Mi amistad con Dios nació y creció con la Biblia. Durante mi trayectoria en el grupo de jóvenes misioneros, la escucha de la Palabra de Dios me había fascinado tanto y me atraía como un imán, que en algún momento, leerla cada día se había convertido en una cita fiel. Poco a poco, esta escucha despertó en mí la acogida y el deseo de ponerla en práctica en mi vida cotidiana. Elegía el verso que más me había impresionado y, durante el día, en la universidad, con la familia, con los amigos, trataba de ponerlo en práctica, de transformarlo en la vida concreta.

Aún hoy, después de más de veinte años de consagración, la meditación de la Palabra de Dios alimenta mi pertenencia al Señor y me lleva a realizar un trabajo interior, dejándola entrar en mi vida cotidiana. La Palabra debe ser acogida, vivida, pero también compartida. Proclamar el amor de Dios a los demás, especialmente a los más pobres, me llevó a decir mi sí a Dios para ser misionero.

Como misioneros, nos ponemos al servicio de las parroquias animando encuentros en los que se experimenta la pertenencia a una comunidad cristiana reunida en torno a la Palabra de Dios y enviada a anunciar esa misma Palabra hasta los confines de la tierra.

Dirigimos centros de escucha que tienen lugar en los hogares, comentando y rezando un pasaje del Evangelio. Compartir la belleza y la profundidad de la Palabra de Dios siempre me llena de alegría, más aún cuando luego experimentamos el momento en que cada persona comunica a los demás lo que la Palabra ha suscitado en ella, cómo Dios ha hablado a su corazón y a su vida. Cada vez recibo más confirmación de que la Palabra responde a las necesidades más profundas del hombre, a sus preguntas de sentido.

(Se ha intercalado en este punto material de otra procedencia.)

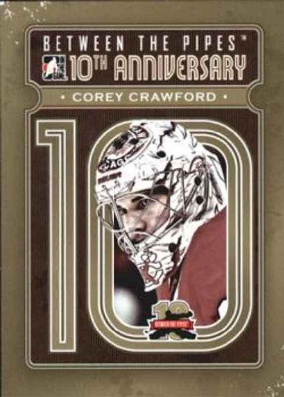 The Corey Crawford 2011 In The Game Between the Pipes #BTPA-06 10th Anniversary card is 1 of 11 Corey Crawford's card variations in the 2011 In The Game Between the Pipes set being tracked by Sports Card Investor, including #174 Base, #70 Base, #A-CC Authentic Goaliegraph, #A-CC2 Authentic Goaliegraph, and #MMA-CC Masked Men Autographs.
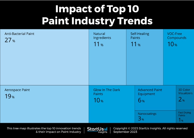 StartUS Insight认为,航空航天和汽车涂料越来越受欢迎,因为它们在高速行驶时具有更好的表面性能和耐久性。此外,天然成分、无挥发性有机化合物的添加剂和纳米涂料为传统涂料提供了更健康的替代品,并为家庭和环境提供了保护。此外,活性涂料(如自修复或自清洁涂料、高级工具和夜光涂料)为涂层表面提供了更高的美观性和功能性。

Recuerdo una experiencia que tuve en Costa de Marfil, donde tuve la alegría de compartir varios años de mi vida con el pueblo marfileño. Durante una semana de animación misionera, en el centro de escucha de una parroquia había leído el pasaje de la Visitación de María a Isabel. Subrayé que María fue de prisa a su prima, llevando al Dios que la habitaba y poniéndose a su servicio. Elizabeth representaba a los más alejados, a los más pobres, y durante el encuentro también hablé de la vida del pueblo peruano, de su sufrimiento y de la lucha diaria de la gente por salir adelante a pesar de la pobreza y la injusticia.

Al final de nuestra experiencia en esa parroquia, se acercó una madre y enseguida comprendí que la suya no era una vida fácil. Me dijo que había escuchado la meditación y que mis palabras sobre los hermanos pobres de Perú le habían impactado mucho; le hubiera gustado dar una ofrenda para ayudarlos, pero no podía porque era pobre y tenía hijos que cuidar. Sin embargo, llevaba una bolsa de plástico, de la que sacó una tela típica, diciendo: ‘Se la regalo a mis hermanos peruanos, esto es todo lo que puedo dar’. Llena de alegría la puso en mis manos y sentí una gran emoción ante ese gesto de amor.

La Palabra de Dios acorta las distancias, hace llegar a los confines de la tierra, abre el corazón y lleva a compartir incluso lo poco que se tiene. La solidaridad y la fraternidad son valores que pueden cambiar el mundo y hacerlo más humano, más bello y conforme al plan de Dios.